Los tres niños
Mozart
(Cei trei copii Mozart)
Alexandru Ecovoiu
Traducción del rumano por
Joaquín Garrigós
Nosotros hemos sido niños Mozart. Tres
gemelos. Cada uno de nosotros se ha expresado en un campo distinto. Yo pintaba como los
ángeles. «Seguro que nadie en el mundo, a los cuatro años, lo ha hecho mejor», dijo
uno de mis profesores. «¡Creo que nos encontramos ante un niño Mozart!» Y explicó a
mi padre que había hecho la comparación con el autor de La flauta mágica porque
en las artes plásticas, hasta que aparecí yo, jamás se había conocido un artista tan
precoz. Trabajaba de las formas más diversas. Parecía el mensajero de todas las escuelas
de pintura. Conmigo la naturaleza alcanzaba lo sublime y cerraba un círculo. No me
refiero a mi insólito don sino al hecho de que, según apreciaban mis maestros,
sintetizaba lo que hasta entonces había estado en decenas, en centenares y en miles de
maestros del pincel.
Otro de mis hermanos, el Mediano (yo soy el
primogénito), era un acróbata fantástico. También a los cuatro años realizaba unos
números de equilibrio como nadie. El momento culminante era caminar por el hilo de una
telaraña. ¡Atravesaba un bulevar a la altura del séptimo piso! La gente creía que se
trataba de hilo de acero. Los sempiternos ataques de los incapaces.
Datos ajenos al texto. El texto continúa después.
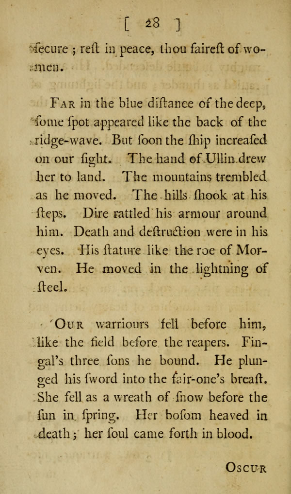 Oscur my son came down; the mighty in battle descended. His armour rattled as thunder; and the lightning of his eyes was terrible. There, was the clashing of swords; there, was the voice of steel. They struck and they thrust; they digged for death with their swords. But death was distant far, and delayed to come. The sun began to decline; and the cow-herd thought of home. Then Oscur's keen steel found the heart of Ullin. He fell like a mountain-oak covered over with glistering frost: He shone like a rock on the plain.——Here the daughter of beauty lieth; and here the bravest of men. Here one day ended the fair and the valiant. Here rest the pursuer and the pursued.
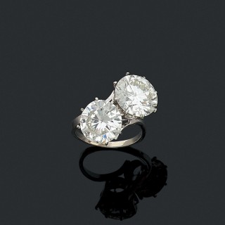 Bague "Toi et moi" en or gris 18K (750‰) ornée de deux diamants taille brillant. Années 1980.Tdd : 53. Poids brut : 6,7 g
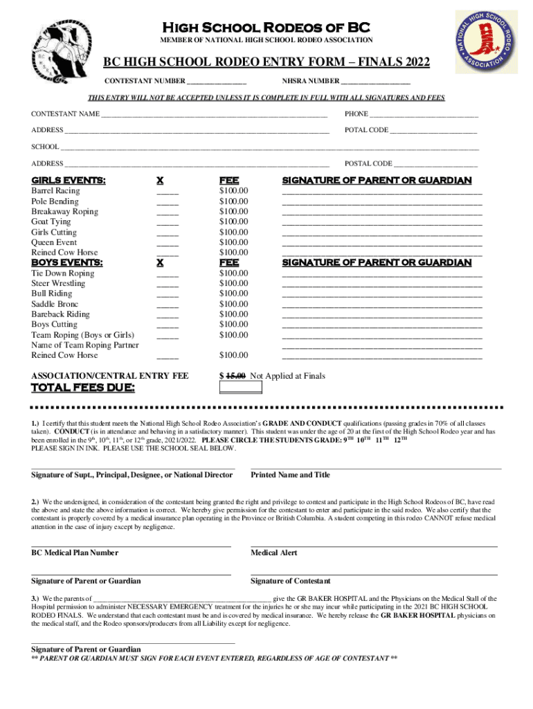High School Rodeos of BC MEMBER OF NATIONAL HIGH SCHOOL RODEO ASSOCIATIONBC HIGH SCHOOL RODEO ENTRY FORM FINALS 2022 CONTESTANT NUMBER ___NHSRA NUMBER ___THIS ENTRY WILL NOT BE ACCEPTED UNLESS IT
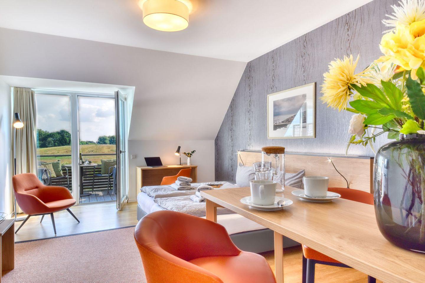 Wohnzimmer: Im gemütlichen Wohnzimmer erwartet Sie ein großzügiges Doppelbett, Hier können Sie nach einem erlebnisreichen Tag entspannen, TV schauen oder einfach den Blick in die Natur genießen.
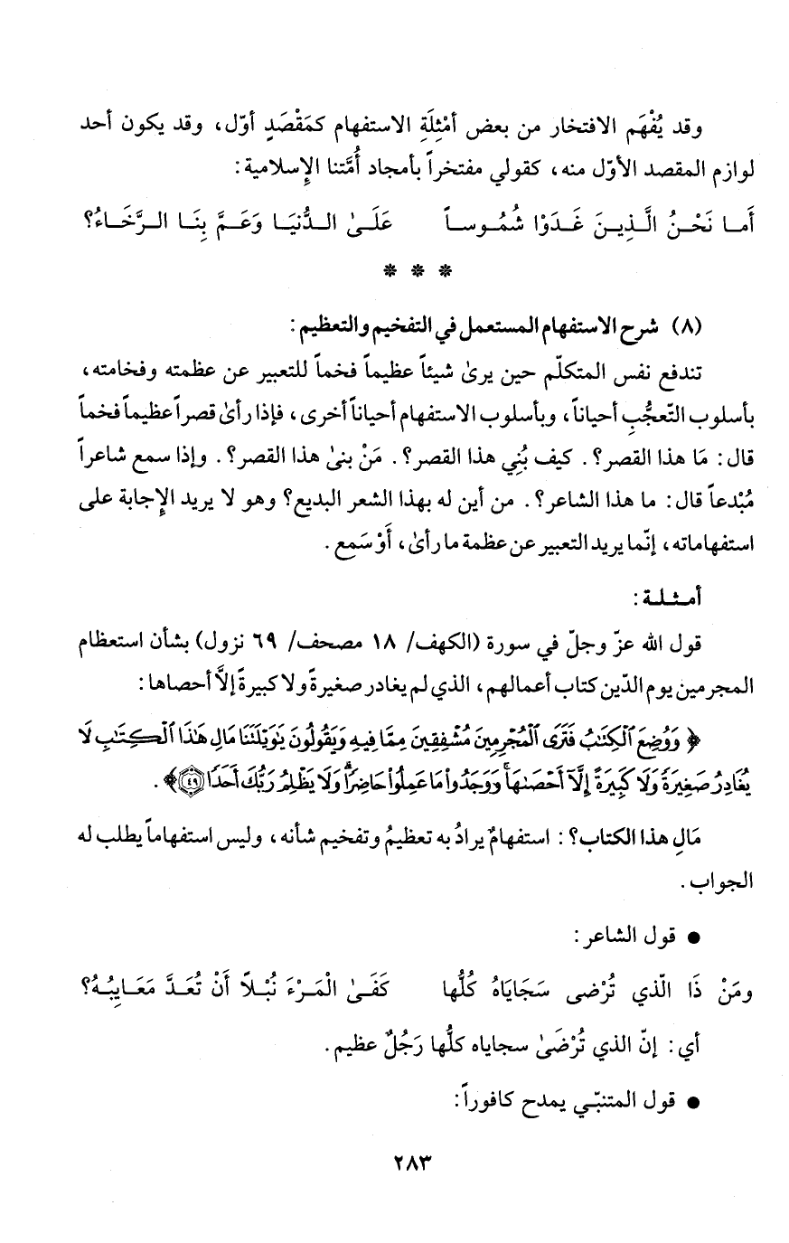 (8) شرح الاستفهام المستعمل في التفخيم والتعظيم:
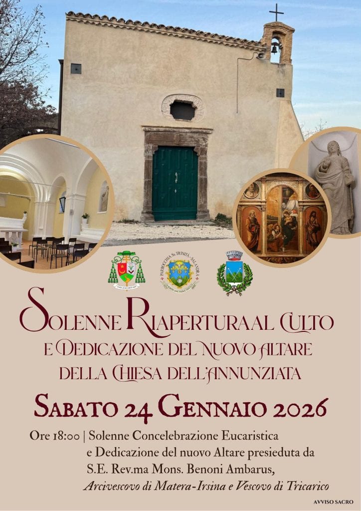 Sabato 24 gennaio ore 18:00, riapertura al culto e dedicazione del nuovo altare della Chiesa dell’Annunziata a Salandra, presiede Mons. Benoni Ambarus. Un luogo di fede e memoria che torna a parlare al cuore della comunità.
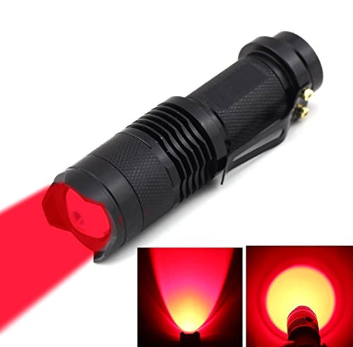 BESTSUN Mini Cree Red LED Coyote Hog Fox Predator Varmint Hunting Red Light Water Resistant Ultra Bright Tactical Flashlight Single 1 Mode Zoomable High Lumens AA or 14500 Battery Powered Lamp Torch
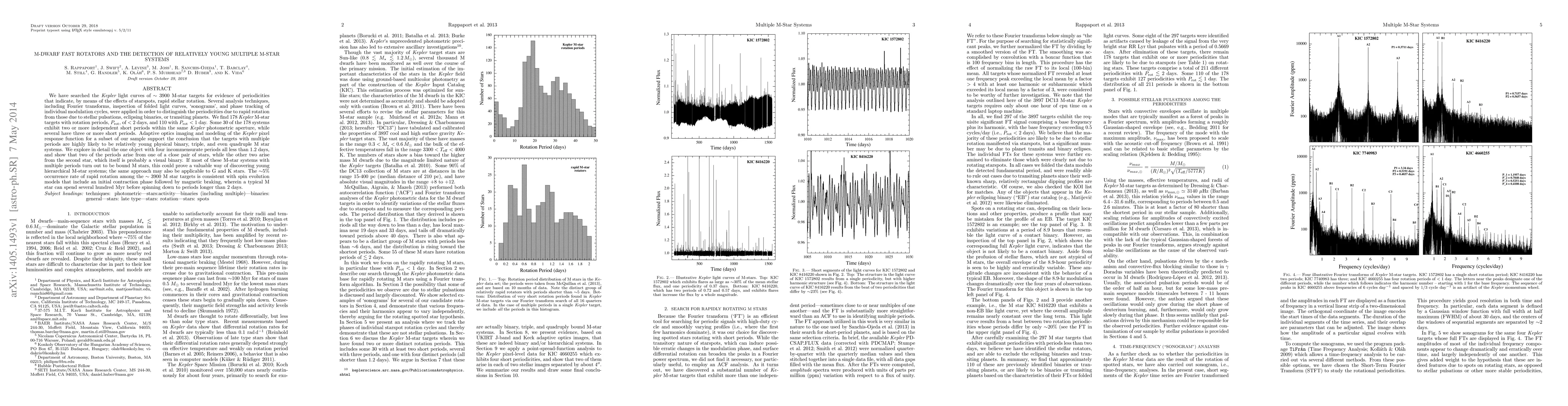 We have searched the Kepler light curves of ~3900 M-star targets for evidence of periodicities that indicate, by means of the effects of starspots, rapid stellar rotation. Several analysis techniques, including Fourier transforms, inspection of folded light curves, 'sonograms', and phase tracking of individual modulation cycles, were applied in order to distinguish the periodicities due to rapid rotation from those due to stellar pulsations, eclipsing binaries, or transiting planets. We find 178 Kepler M-star targets with rotation periods, P_rot, of < 2 days, and 110 with P_rot < 1 day. Some 30 of the 178 systems exhibit two or more independent short periods within the same Kepler photometric aperture, while several have three or more short periods. Adaptive optics imaging and modeling of the Kepler pixel response function for a subset of our sample support the conclusion that the targets with multiple periods are highly likely to be relatively young physical binary, triple, and even quadruple M star systems. We explore in detail the one object with four incommensurate periods all less than 1.2 days, and show that two of the periods arise from one of a close pair of stars, while the other two arise from the second star, which itself is probably a visual binary. If most of these M-star systems with multiple periods turn out to be bound M stars, this could prove a valuable way of discovering young hierarchical M-star systems; the same approach may also be applicable to G and K stars. The ~5% occurrence rate of rapid rotation among the ~3900 M star targets is consistent with spin evolution models that include an initial contraction phase followed by magnetic braking, wherein a typical M star can spend several hundred Myr before spinning down to periods longer than 2 days.
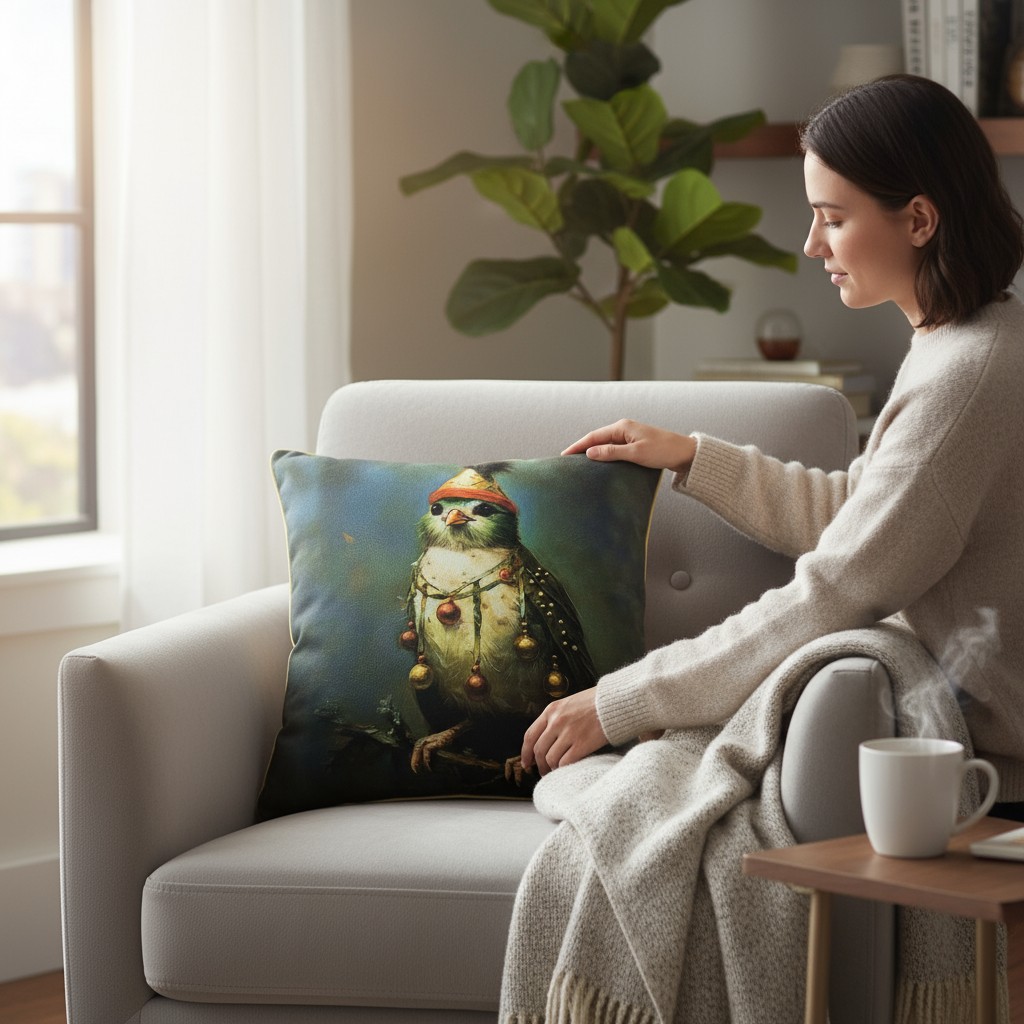 Подушка декоративная Фабрика Дивные птицы Птичка в бусах на ветке
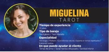 Miguelina es sin duda alguna, una adivina que tiene de todo en su excelente servicio de tarot por teléfono de Cantabria, para ayudarte por ser fiable, certero, bueno, barato y sobre todo que cuenta con muy buenas opiniones por ser responsable con todos sus seguidores. Ella ofrece en su excelente servicio lo siguiente:
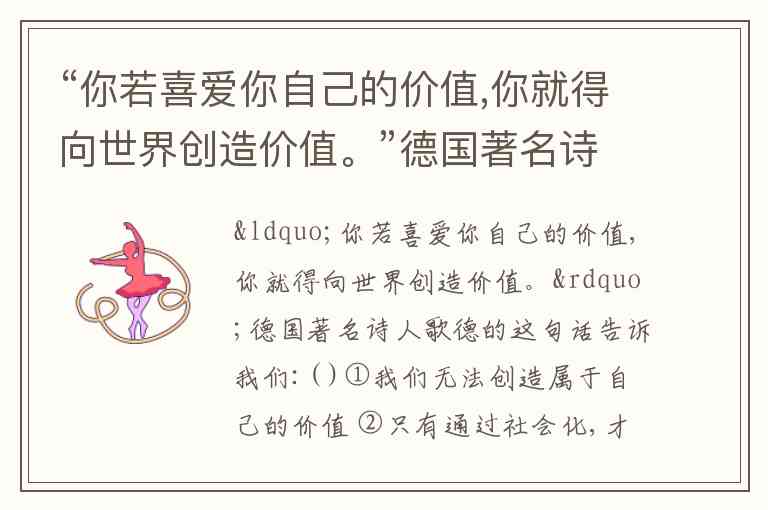 歌德这句名言揭示了个人价值与社会贡献的辩证关系:个人价值的实现离不开对世界的创造与奉献。这一观点与以下分析高度契合:
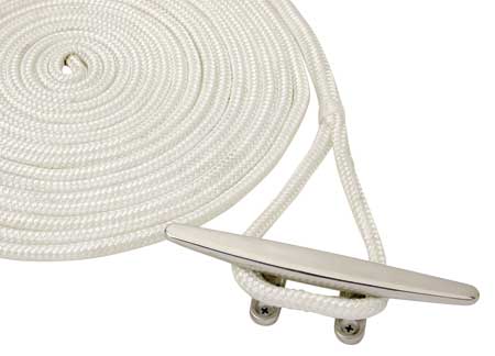 Treccia da ormeggio di colore bianco o nero con gassa con lavorazione in doppia treccia di poliestere alta tenacità. Non galleggia.

El Pequeño escribía poesía. Sólo sonetos. A los
cinco años ya había publicado un pequeño poemario. Los críticos estaban desconcertados
e insinuaban que los versos los había compuesto otro. Para esclarecer definitivamente las
cosas, encerraron al pequeño bardo en una habitación y le dieron tres temas para que
improvisara un poema de cada. El niño se asustó y se echó a llorar pero cuando le
dijeron que si terminaba rápido se iría a jugar se animó. Cuando aún no había pasado
una hora tocó a la puerta. A falta de algunos retoques porque lo había hecho de prisa y
corriendo, los sonetos eran más hermosos que nunca. A los seis años escribió una
epopeya. Una especie de leyenda en verso. Más o menos quince mil versos. A los nueve
años rehusó seguir escribiendo. Decía que no podía más. Ni a palos hubo forma. Porque
mi padre nos pegaba. Decía que éramos holgazanes. Al Pequeño le solicitaban trabajos
para revistas, salía en televisión, se publicaba su obra y ganaban incomparablemente
más que nuestro padre, un triste funcionario. Las cosas se complicaron porque, también
por la misma época, el Mediano empezó a engordar de repente y sus acrobacias por un hilo
de tela de araña se volvieron imposibles. Ni por una cuerda podía ya caminar. Sólo por
una viga. Y él también había sido una fuente de ingresos para la familia.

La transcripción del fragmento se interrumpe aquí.